Repetitively stating the same statistic does not make an argument. I'm not saying Sharp should not have performed these steps. I'd have done many of these analyses myself. But they play the role of quality control. The reiterations don't strengthen the argument, and they sound a bit like Sunday morning talk shows.
During my vacation, I had a chance to visit Trifacta, the data-wrangling startup I blogged about last year (link). Wei Zheng, Tye Rattenbury, and Will Davis hosted me, and showed some of the new stuff they are working on. Trifacta is tackling a major Big Data problem, and I remain excited about the direction they are heading.

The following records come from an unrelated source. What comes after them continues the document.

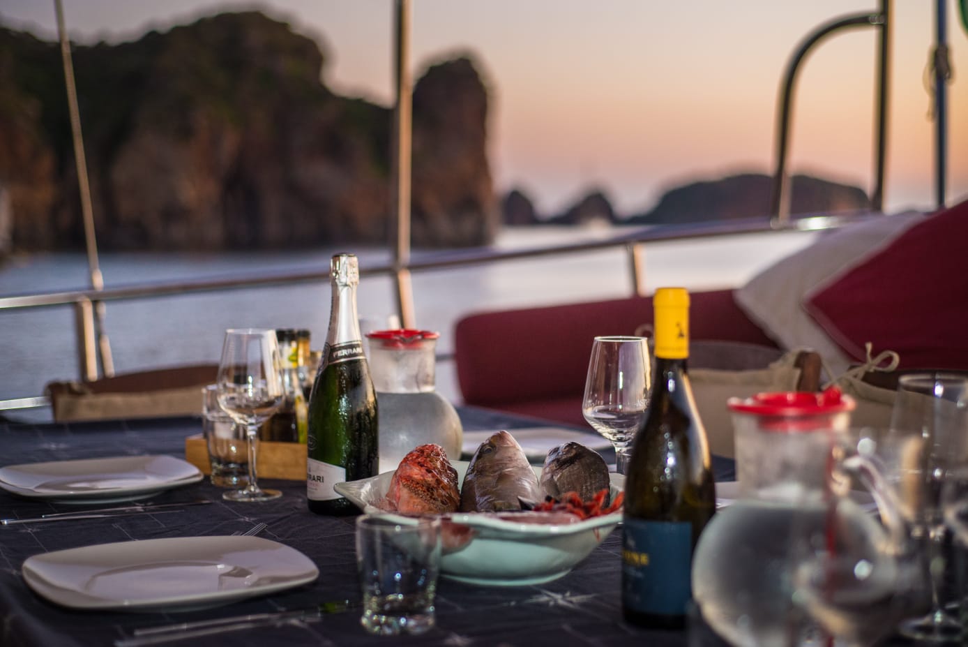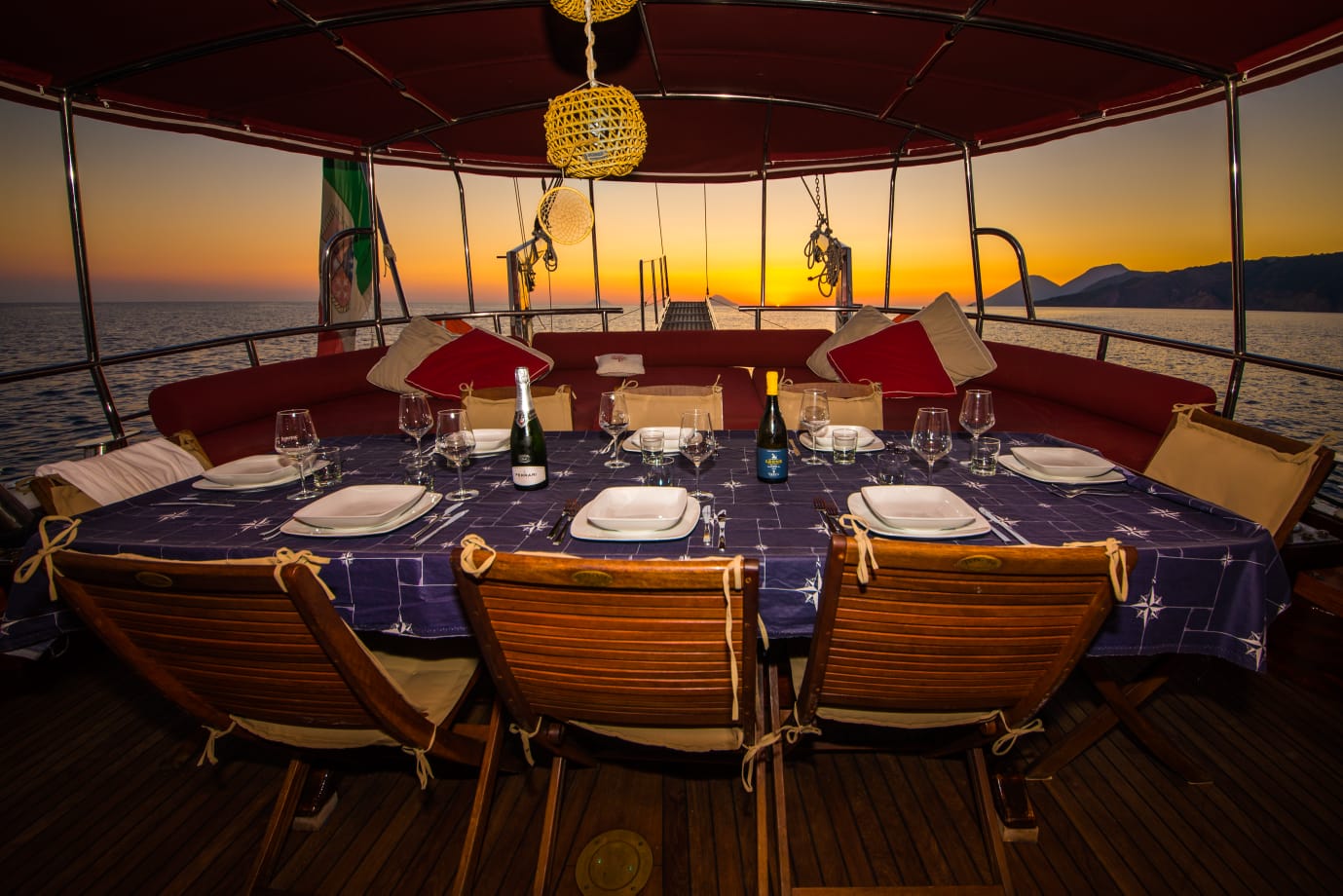 Yacht prices includes, Insurance of the yacht, wages and food for the crew, service on board, cabins' daily cleaning 3 Italian crew (skipper, cook, sailor/maid). Fuel for 4 hours sailing per day, using water and equipment on board (fishing gear, snorkeling, etc, if available) Bed sheets and towels a change per week , Sun towels , free wifi Generator working hours for the air condition is limited to 4/6 hrs a day (no use during the night)
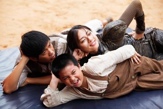 Ngô Thanh Vân hạnh phúc bên “chồng” Thái Hòa và “con trai”.
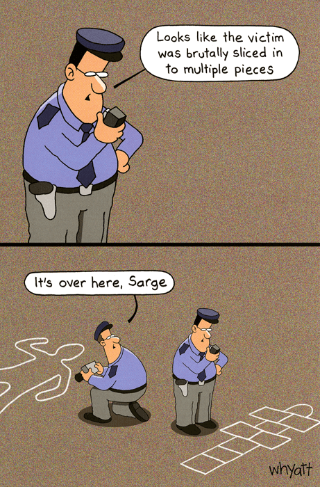 “Looks like the victim was brutally sliced in to multiple pieces”; “It’s over here, Sarge” Humorous cartoon by award winning Australian artist Tim Whyatt.
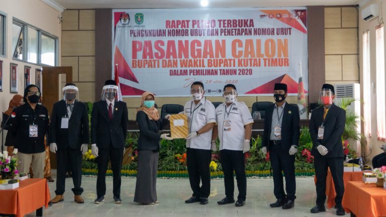 Penyerahan Surat Keputusan Penetapan Nomor Urut 1 kepada Pasangan Calon Mahyunadi-Kinsu, di Kantor KPU kawasan Bukit Pelangi, Sangatta Kutai Timur, Kamis, (24/9/2020)
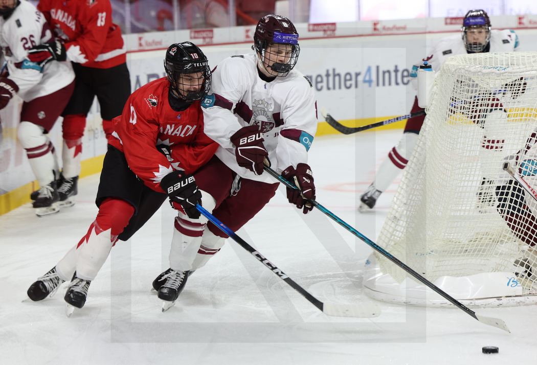 TRENCIN, SLOVAKIA, 23, Apr, 2026, U18 Men’s Worlds, CAN vs. LAT. Image shows Thomas ROUSSEAU #10 (Canada) & Martins KLAUCANS #8 (Latvia). Photo: Werner Krainbucher
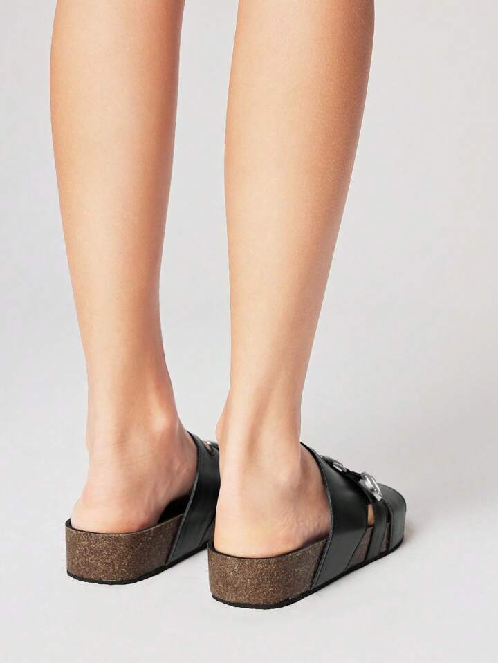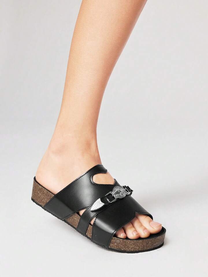 Grunge Punk صنادل نسائية بطراز روك داكن، بانك، جوث، صنادل صيفية مفتوحة الأصبع بحزام مزين بالزنابير، صنادل شاطئية مسطحة، صنادل للهالوين
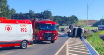 Carreta carregada de fumo tomba na BR-158 e bloqueia rodovia em Cunha Porã
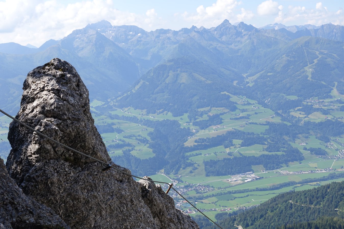 Beautiful via ferrata garden below the summit of the Stoderzinken. The tours can be ideally combined with a summit climb, at the end there are five variants with different levels of difficulty to choose from. The landscape starts impressively at the Friedenskircherl, which stands in the middle of the rock face. If you are looking for even more adventure, combine your trip with a zipline ride. (the largest cable gliding facility in the Alps. Information at www.zipline.at).
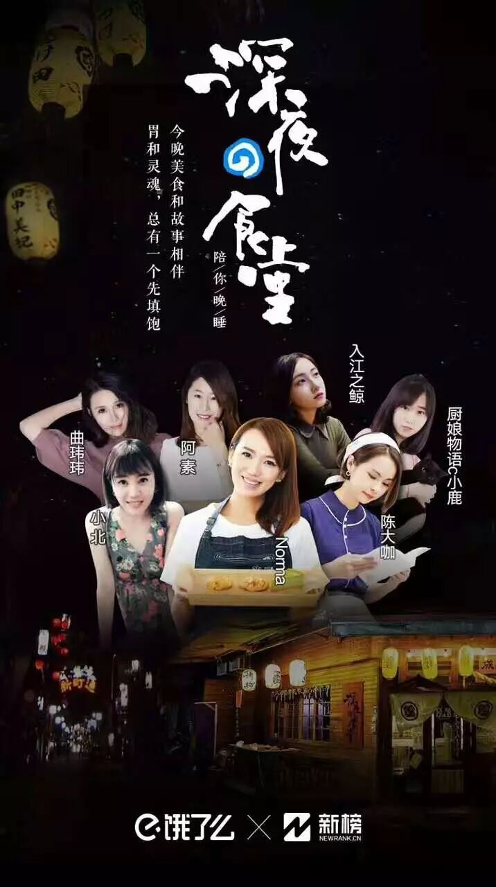 此外,新榜也聚合7位KOL的能量参与其中,他们是美食和情感领域的KOL:Norma、陈大咖、小北、阿素、厨娘物语c小鹿、入江之鲸、曲玮玮。在若干个深夜里,她们的文章通过微信公众号抚慰了城市里的无数灵魂,这晚,她们现身“深夜の食堂”,为身边的食客煮面、聊家长里短。
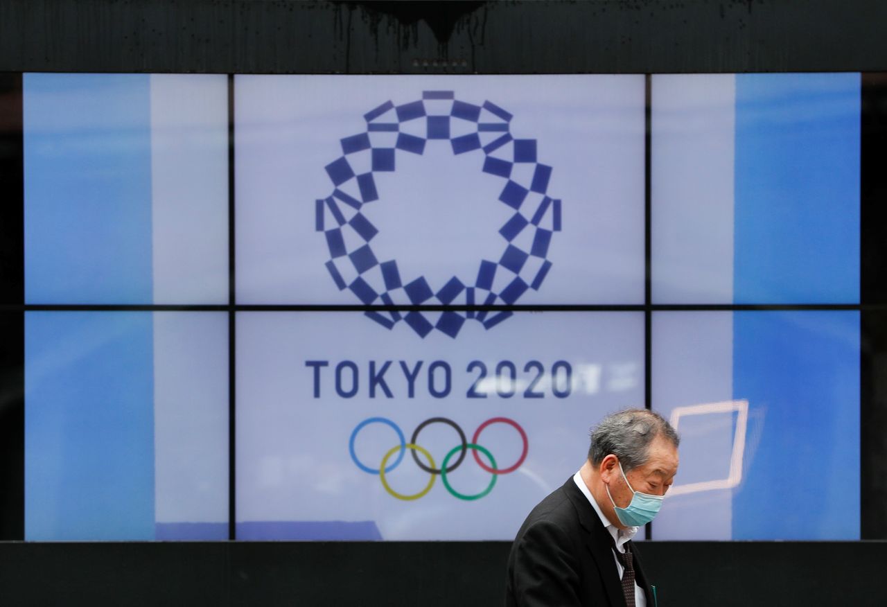 A passerby wearing a protective face mask walks past a screen showing the logo of the Tokyo 2020 Olympic Games that have been postponed to 2021 due to the coronavirus disease (COVID-19) pandemic, in Tokyo, Japan, April 14, 2021. REUTERS/Issei Kato
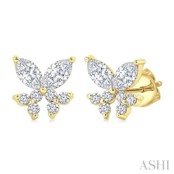 (319) 752-31963/8 Ctw Marquise and Round Cut Diamond Criss Cross Fish Stud Earrings in 14K Yellow Gold
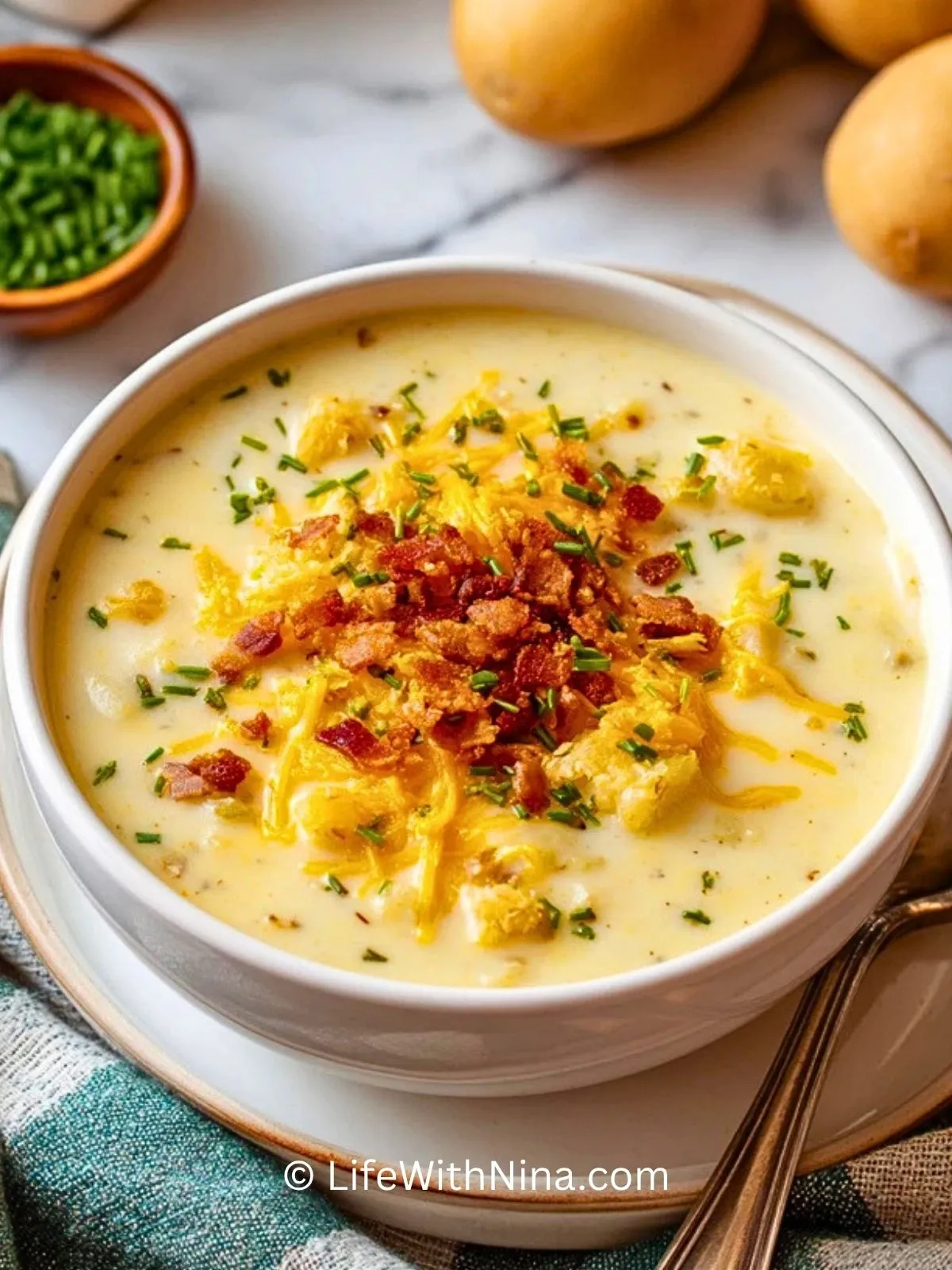 Besonders praktisch ist dieses Rezept an kühlen Tagen oder dann, wenn es in der Küche schnell gehen soll. Die Suppe wird samtig und sättigend, während knuspriger Bacon, würziger Käse und frische Frühlingszwiebeln als Topping für den klassischen Ofenkartoffel-Geschmack sorgen. So entsteht ein einfaches Wohlfühlessen, das alltagstauglich ist und trotzdem nach etwas Besonderem schmeckt.
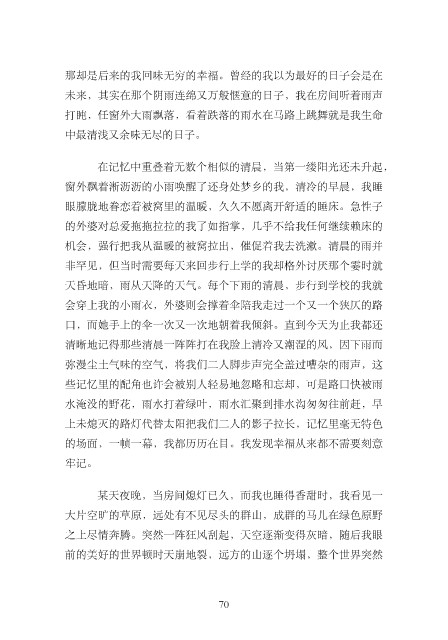 的场⾯,⼀帧⼀幕,我都历历在⽬。我发现幸福从来都不需要刻意
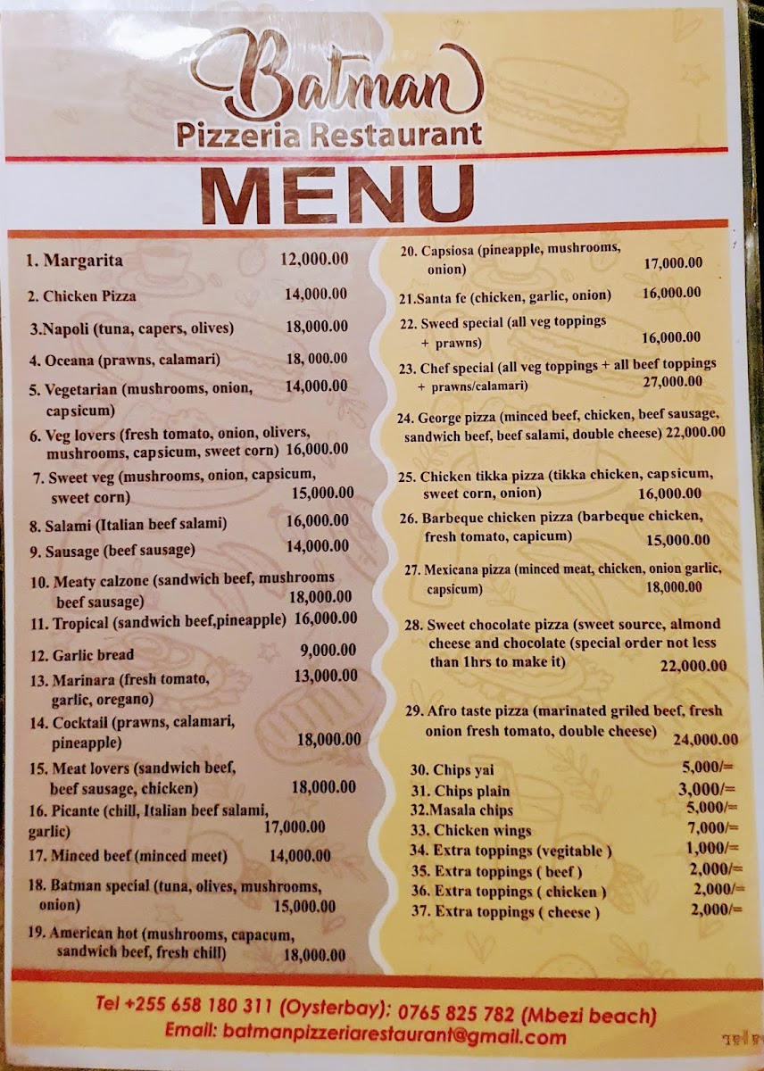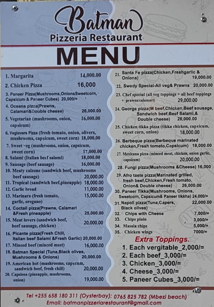 For more information or to place an order, call them at +255 752 909 224. Experience the excitement of Batman Pizzeria and indulge in a slice of culinary joy today!
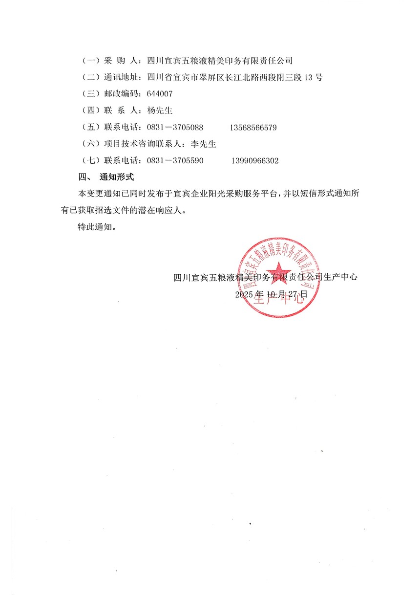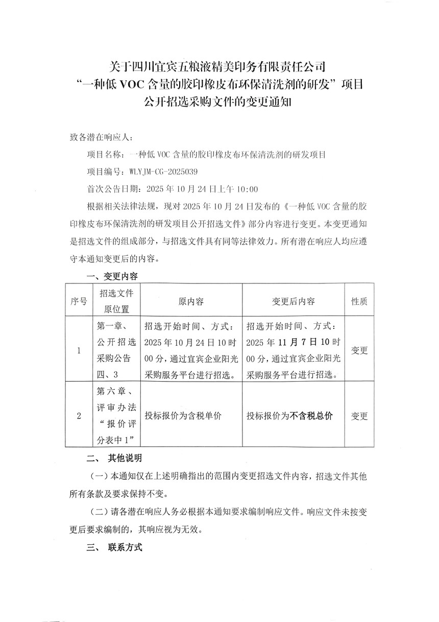 关于四川宜宾五粮液精美印务有限责任公司“一种低 VOC含量的胶印橡皮布环保清洗剂的研发”项目公开招选采购文件的变更通知

From the beginning, I am attracted by Trifacta’s user interface. The user in effect assembles the data-cleaning code through visual exploration, and suggestions based on past behavior.
Here are some improvements they have made since I last wrote about the tool:
Handling numeric data - Trifacta now generates some advanced statistics, e.g. percentiles, about the columns in the Visual Profiler whereas in the past, every column is summarized as a histogram. I believe there is also some binning functionality.
Moving beyond Top N - I ranted about Top N thinking in the past (link), and I wasn’t happy that the Trifacta demo seemed to encourage this bad practice. I’m happy that the team heard the complaint and now offer a Random N selection. Eventually, I think Random N should be the default; I don’t know why anyone would want to see Top N.
Interactive workflow - Random N is a big step forward but in the world of data cleaning, it’s not sufficient. The reason is that many data quality problems are rare cases that don’t show up in a random sample. To deal with this, Trifacta has created an interactive workflow. Through the visual exploration paradigm, the software prepares a set of code; when the user applies the code to the entire data, the tool automatically check for further anomalies, and reports those to the user. For instance, there may be a handful of email addresses with unusual structures not found in the random sample, and thus fall outside of any of the data-wrangling rules. These are flagged for further treatment.
Column metadata - Another exciting development is the expanded use of metadata associated with columns. Such metadata is a major difference between an Excel spreadsheet and any sophisticated data table. For instance, the user can now associate labels with values within a column.
New file formats - Trifacta handles many new data formats like JSON. It can, for example, accept a JSON file and parse the nested structure into columns. Very nice addition!
I think Trifacta can gain ground by pushing the envelope on two fronts: more and better visual cues to help users diagnose data-quality problems; and more sophisticated recipes for how to handle such problems, informed by a knowledge base of past user behavior.